Nein, die Dringlichkeit ist kein Geschenk, sie ist eine Sache, die man durch Kraftanstrengung gewinnt, sie bildet sich erst durch Arbeit, man muss auf sie zugehen, in ihr Territorium eindringen. Denn in der Tat existiert dieses Territorium der Dringlichkeit, es ist ein abstrakter, metaphorischer Ort, irgendwo im Inneren gelegen, der sich eine, nur nach einem langen Weg eröffnet. Man muss sich versenken, tief abtauchen, sehr tief, um dort anzukommen, Luft holen und runter, die Welt und den Alltag hinter sich lassen, in das in Arbeit befindliche Buch hinuntersteigen wie auf den Grund eines Ozeans.

Man erreicht diesen Grund nicht sofort, es gibt Etappen, Dekompressionszonen. In den ersten Stadien des Abstiegs ahnt man noch die sichtbare Welt über sich, man kann sie noch sehen, man kann sich noch von ihr beeinflussen lassen, weil man noch nicht tief genug herabgestiegen ist, man muss noch tiefer gehen, darf nicht aufgeben.
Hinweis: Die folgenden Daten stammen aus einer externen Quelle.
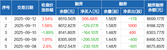 云路股份:融资净买入506.68万元,融资余额8519.5万元(09-12)

Ab einhundertdreißig Metern sieht man so gut wie nichts mehr, man beginnt, neue Schatten zu erraten, die Erinnerung an wirkliche Personen verschwimmt, fiktive Wesen erscheinen und umkreisen uns, ein Schwarm von lebenden Mikroorganismen verschiedenster Größe und Form. Wir befinden uns jetzt in einer verwirrenden Welt, zwischen Realität und Fiktion. Wir gehen noch tiefer, und hier, jenseits der zweihundert Meter, dringt kein einziger Lichtsstrahl mehr zu uns. Jetzt haben wir das Territorium der Dringlichkeit erreicht, die Welt der Untiefen, mehr als dreihundert Quadratkilometer Finsternis und Stille, wo ein ungeheurer Druck herrscht und blinde Präsenzen rasch zunehmen, winzige Potentialitäten eines Lebens in ständiger Veränderung.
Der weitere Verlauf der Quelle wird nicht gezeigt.